The Death and Resurrection of Jesus: A Copied Storyline?

Filed under: Apologetics, Current Events — Barry Carey at 11:42 am on Wednesday, July 9, 2008

Ancient Tablet
This NY Times article discusses a controversial ancient tablet that was found approximately 10 years ago, but is now attracting lots of attention. This stone, which some call Gabriel’s Revelation (Since it contains an apocalypse given by the Angel Gabriel), was found in the Dead Sea area and is possible a Dead Sea Scroll on a 3 foot high piece of Stone. It is felt to date from the first century B.C.

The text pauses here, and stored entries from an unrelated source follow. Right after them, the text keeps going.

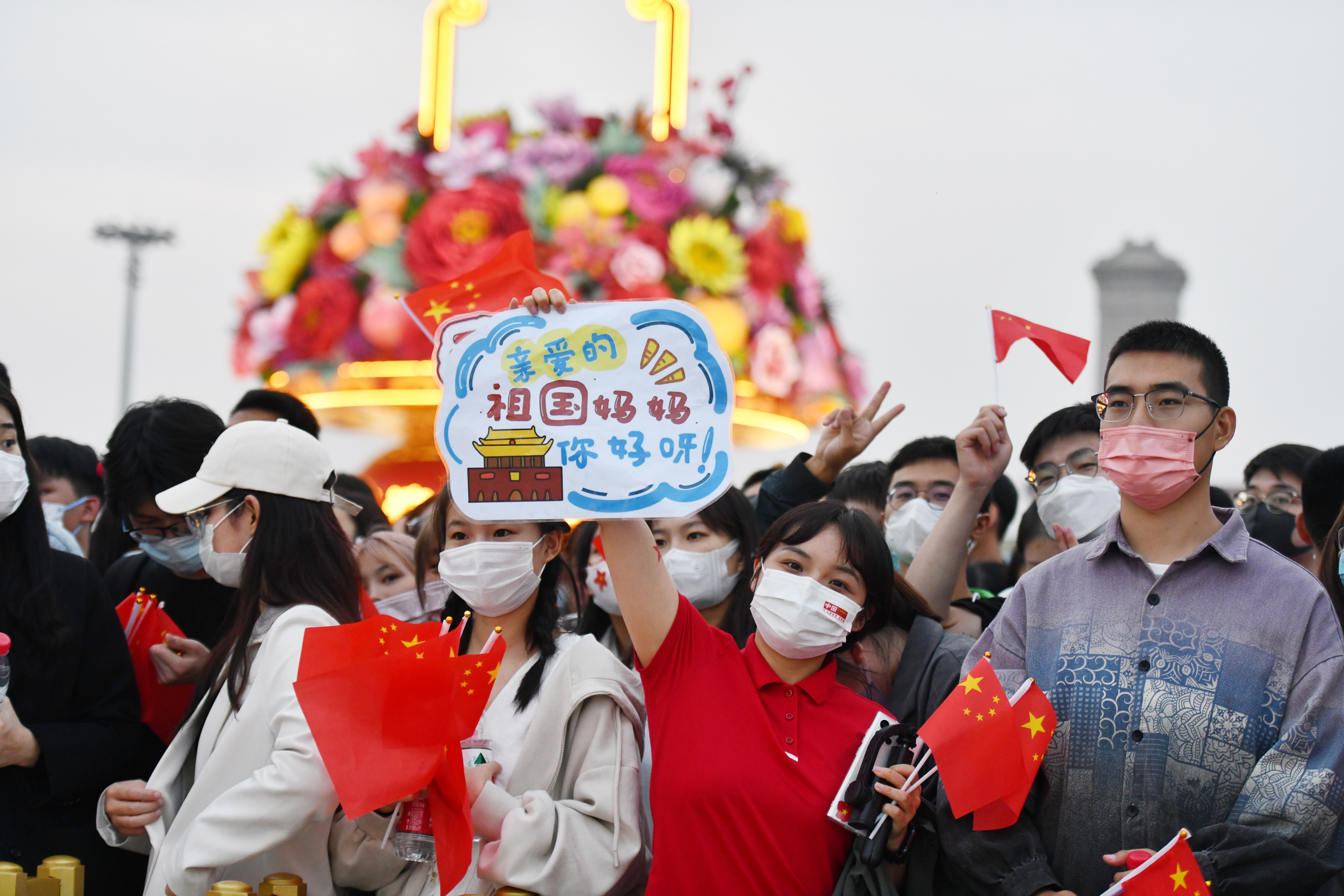 巫韦微和好朋友专程从通州赶来。“我们昨晚7点多就出发了,就是为了占据最佳位置。”巫韦微告诉记者,自己8月份刚陪朋友来天安门参观旅游过,但在国庆节当天再来意义特殊,“今天我们的安居乐业离不开祖国的繁荣富强,我们想在现场送上生日祝福!党的二十大即将召开,也希望祖国越来越好!”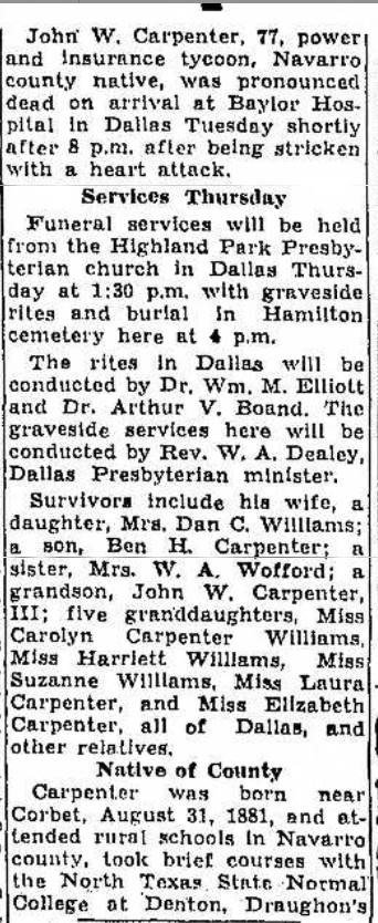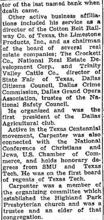 Dallas Historical Society and the Texas State Historical Association.qqv Carpenter Freeway in Dallas is named for him. On June 18, 1913, he married Flossie Belle Gardner of Palestine, Texas; they had three children. Carpenter was a Presbyterian and a Democrat. On June 16, 1959, he died at his home of a heart attack. He was buried in Corsicana. BIBLIOGRAPHY: Dallas Morning News, September 17, 1950, March 11, 1951, February 28, 1953, April 12, June 17, 1959, September 7, 1963, January 24, 1967. Who Was Who in America, Vol. 6.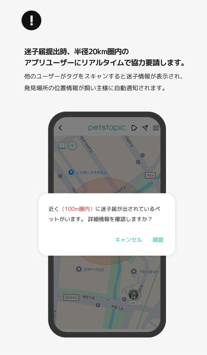 - 半径20kmのコミュニティアラートで、地域一丸となって愛犬・愛猫を探せる
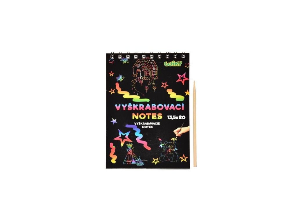 Kreatívne sa odviažte s vyškrabovacím notesom, ktorý má rozmery 13,5 x 20 cm. Na jednotlivých listoch, môžete pomocou vyškrabovacieho pera vytvárať rôzne pestrofarebné obrázky. Nevhodné pre deti do 3 rokov.Dodatočné parametre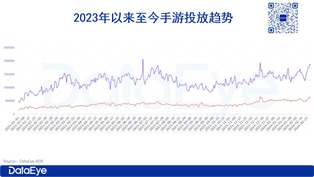 2023年1月——2024年2月手遊投放趨勢 數據來源:DataEye-ADX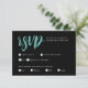 Elevate your wedding RSVP experience with our simple stylish black and white RSVP card. Featuring a chic design with bold and modern turquoise hand script against a sleek black background, this card exudes elegance and sophistication.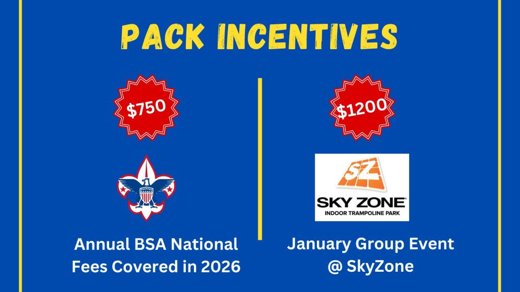 Pack 351 has routinely been a top seller for the annual Trails End Popcorn sale. This sale is our primary fundraiser to keep scouting affordable for all our families. We ask that all families participate to the best of their ability to help support the pack. It’s a team effort!

The controversy arises from a small section of the text in which many words are missing and is very hard to make out what the text is saying. Some believe that the tablet contains a reference to a Jewish messiah figure who dies and is then resurrected three days later. The significance of this, according to one scholar, Israel Knohl:

“This should shake our basic view of Christianity,” he said as he sat in his office of the Shalom Hartman Institute in Jerusalem where he is a senior fellow in addition to being the Yehezkel Kaufman Professor of Biblical Studies at Hebrew University. “Resurrection after three days becomes a motif developed before Jesus, which runs contrary to nearly all scholarship. What happens in the New Testament was adopted by Jesus and his followers based on an earlier messiah story.”

New Testament scholar Ben Witherington has a brief commentary on the significance of this tablet at his website and Amy Hall, of Stand to Reason, comments on the finding here.

The bottom line is this:

1. Ben thinks the tablet is probably authentic given the guys who have examined it and have weighed in on its authenticity and dating.

2. The section which is said to contain the reference to the death and resurrection of a messiah figure three days later is not at all clear and there may be some reading into the text what one wishes the text to say.

3. Let’s assume the tablet is authentic and the text does contain the reference which some claim that it does. What follows? Nothing which “shakes our basic view of Christianity. As Amy points out, it seems that the outcome is rigged against the basic truth of the Christian message. For a long time, critics have claimed that the resurrection story cannot be true because the Jews of that time had no concept of such a messiah. This story, therefore, must have been subsequently added back in to the Gospels to make them support later Christian teaching. Now that we have possible found a 1st century B.C. Jewish source which does contain the concept of a resurrected messiah, the Gospel message is obviously not true since it just copied from an earlier Jewish source.

4. It is not surprising that there might be 1st century B.C. references to such a messiah given certain O.T. texts, such as Isaiah 53.

5. The resurrection of Jesus of Nazareth should be evaluated on its own evidence (which is substantial), whether or not there was such a concept in the Jewish thought of that time.

Ben Witherington concludes:

This stone certainly does not demonstrate that the Gospel passion stories are created on the basis of this stone text, which appears to be a Dead Sea text. For one thing the text is hard to read at crucial junctures, and it is not absolutely clear it is talking about a risen messiah. BUT what it does do is make plausible that Jesus could have said some of the things credited to him in Mk. 8.31, 9,31, and 10.33-34.